Author(s) Dr. Umakant Pandurang Pise
Country India
Abstract The Internet of Things (IoT) has progressed from its original state as a data-collection system to become a network of connected devices which require immediate processing capabilities. The current situation has reached a fundamental problem because there is no standardized method to determine the cognitive abilities of Internet of Things devices which must show their capability to independently detect and understand and acquire knowledge and change their behavior without accessing cloud resources. The paper presents Cognitive Device Computability (CDC) as a formalized theoretical framework which includes three original elements. The first element The Cognitive Device Quotient (CDQ) measures device intelligence through its weighted system which evaluates multiple dimensions of intelligence. The Adaptive Edge Autonomy Model (AEAM) provides organizations with a four-level system which enables them to make context-based decisions while protecting their private information through distributed reasoning. The Computability Maturity Index (CMI) functions as a five-stage ecosystem classification system which organizations can use to assess their Internet of Things deployments against cognitive autonomy criteria. The system represents Internet of Things devices as self-learning computational devices because the current system unites various optimization methods into a single framework. The operational tests conducted through simulations in industrial sectors and healthcare systems and smart city environments achieved latency times which decreased to less than 4.8 milliseconds while achieving energy reductions of 34 percent and maintaining 91.4 percent of user privacy and 96.2 percent of system functionality during network outages.
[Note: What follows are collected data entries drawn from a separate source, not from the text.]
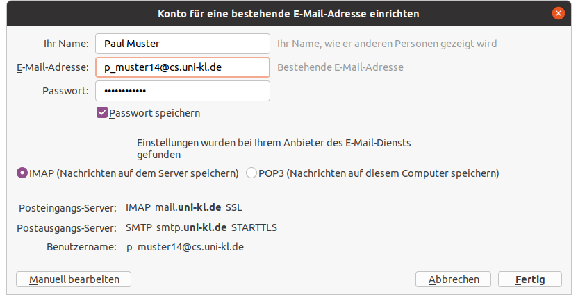Nutzen Sie dazu den Thunderbird-Assistenten um ein neues Mailkonto anzulegen.
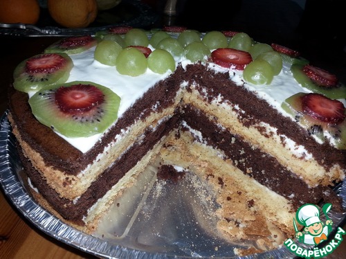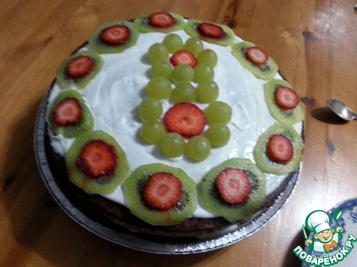 4.Тортик . Ну и ка же без сладкого ? Покопался мой муженек в каких то своих записях , попросил у меня приготовить форму, бумагу и выгнал гулять на время приготовления. Вообще все готовилось без моего присутствия и даже было запрещено заглядывать в холодильник до момента отмечания. Ну и конечно же , мне сладкоежке, тортик понравился. Спасибо любимому мужу за устроенный праздник!
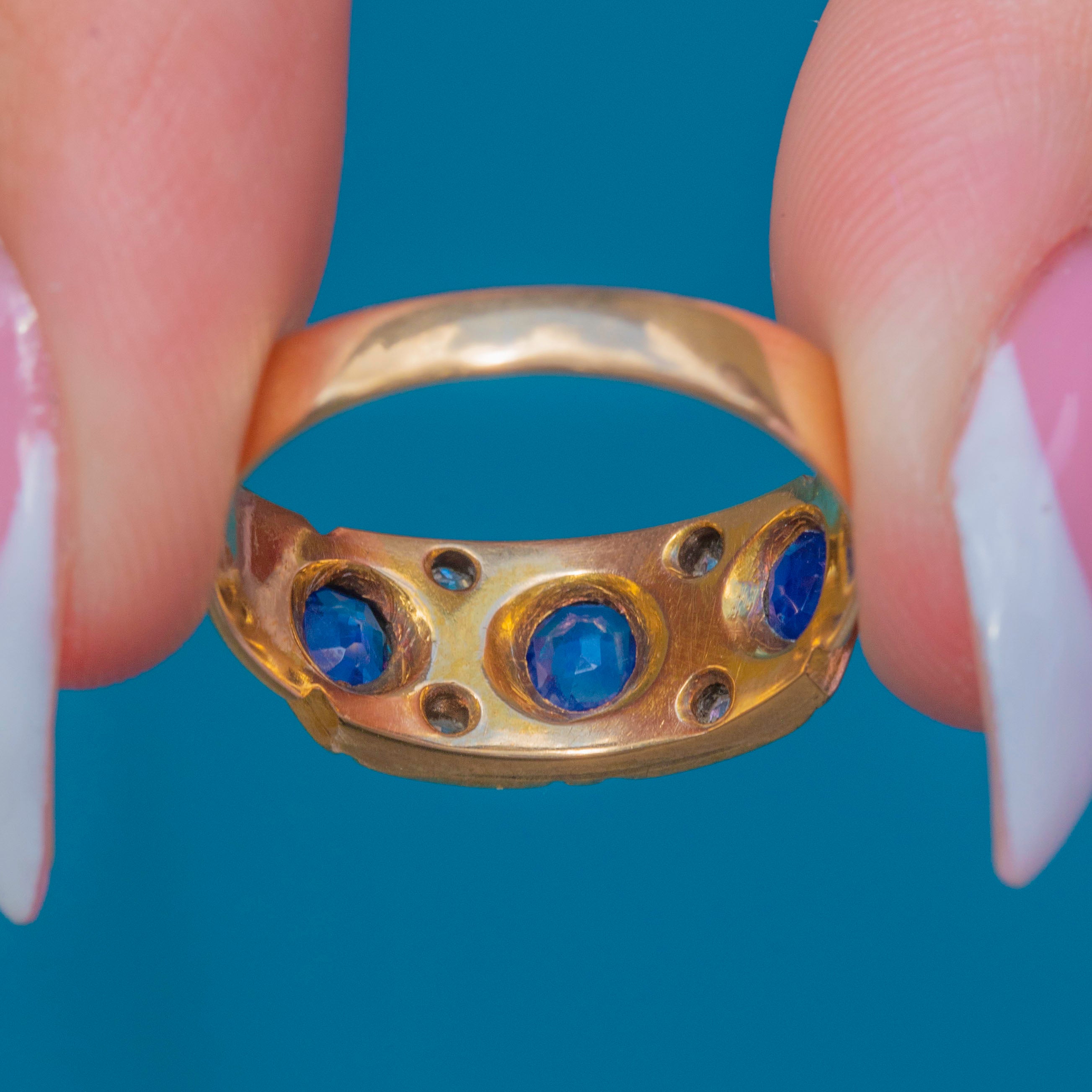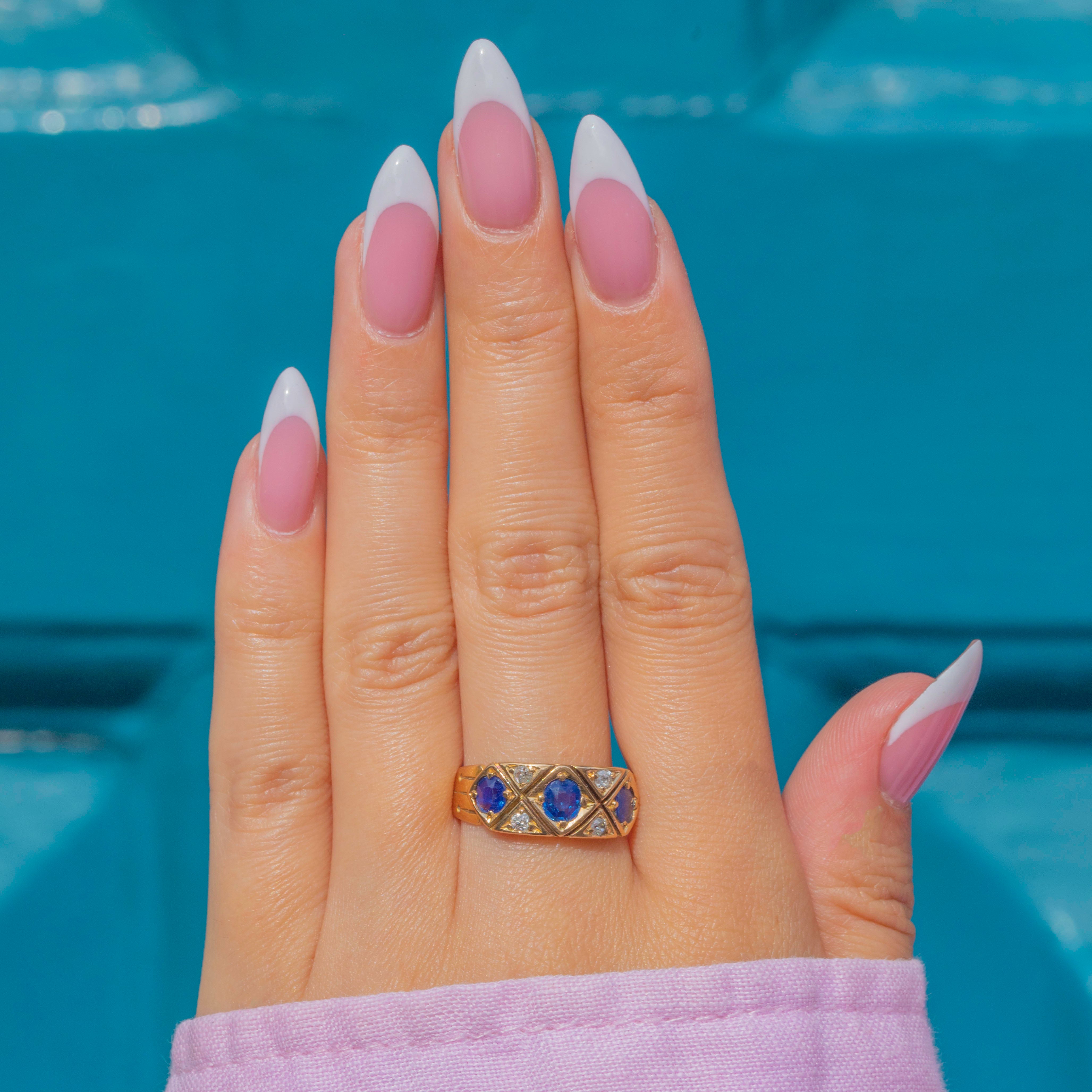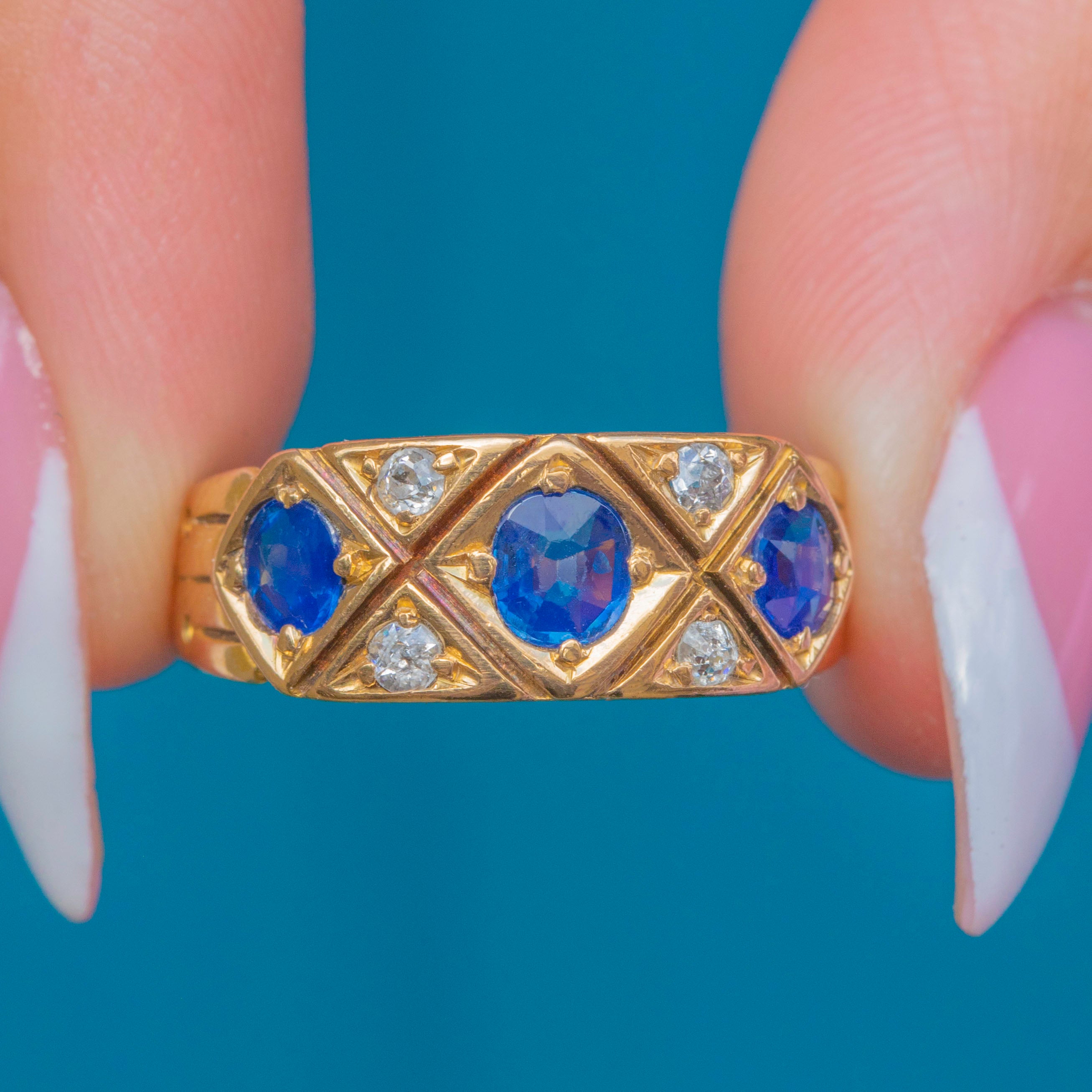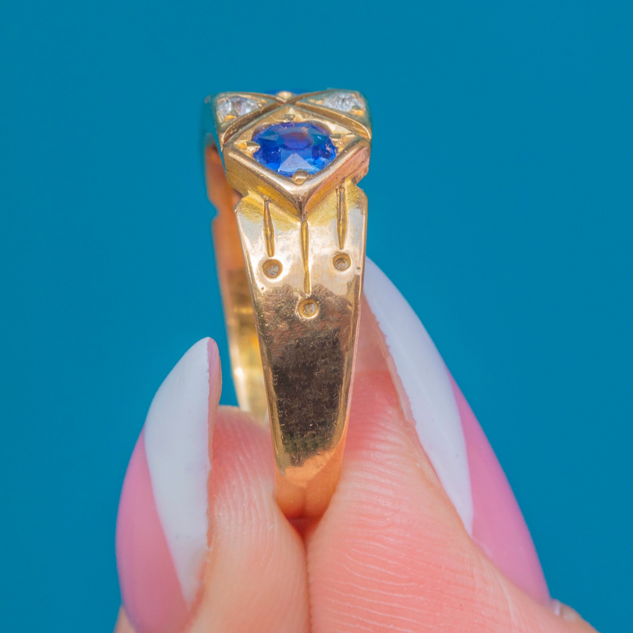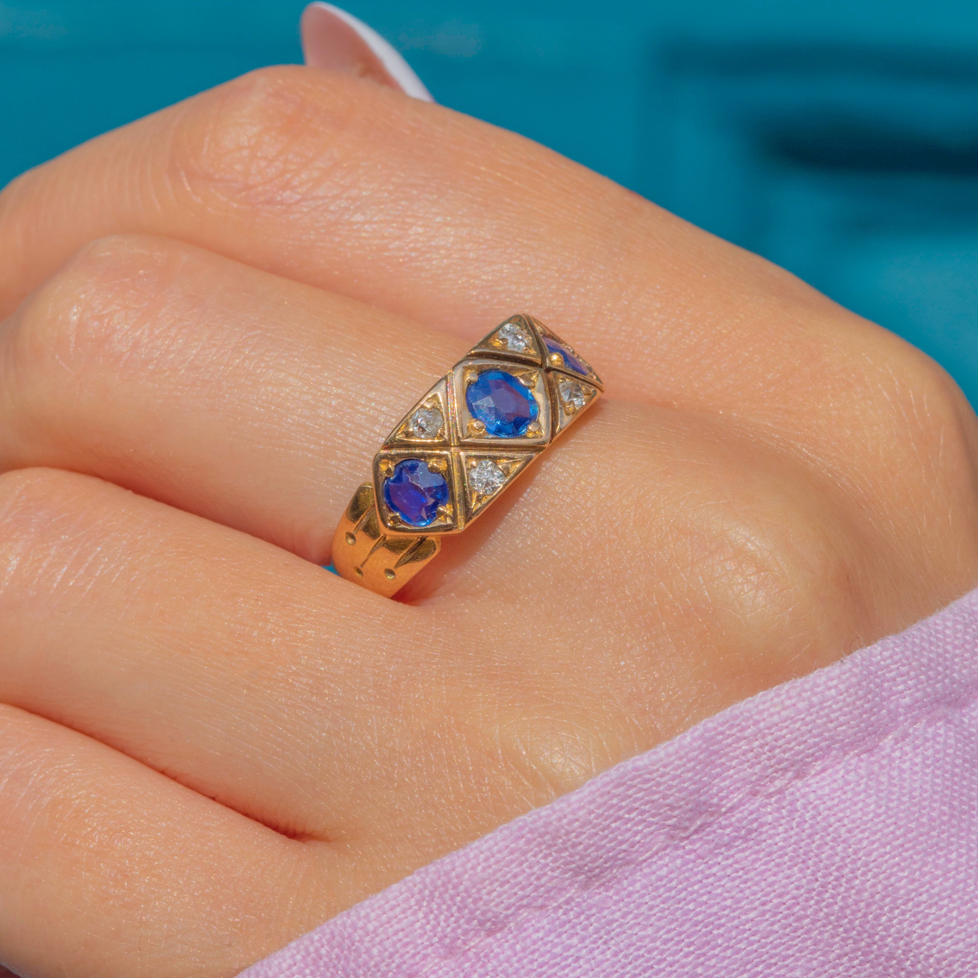 Victorian 18ct Gold Natural Sapphire Diamond Chequerboard Ring

The proposed framework provides an essential theoretical base together with an engineering plan that will guide development of future autonomous sustainable IoT systems which follow ethical principles.
Keywords Cognitive Device Computability, Cognitive Device Quotient, Adaptive Edge Autonomy, TinyML, Federated Edge Intelligence, Privacy-Preserving IoT, Computability Maturity Index, Distributed Autonomous Systems, Edge-Native AI, Self-Adaptive Computation.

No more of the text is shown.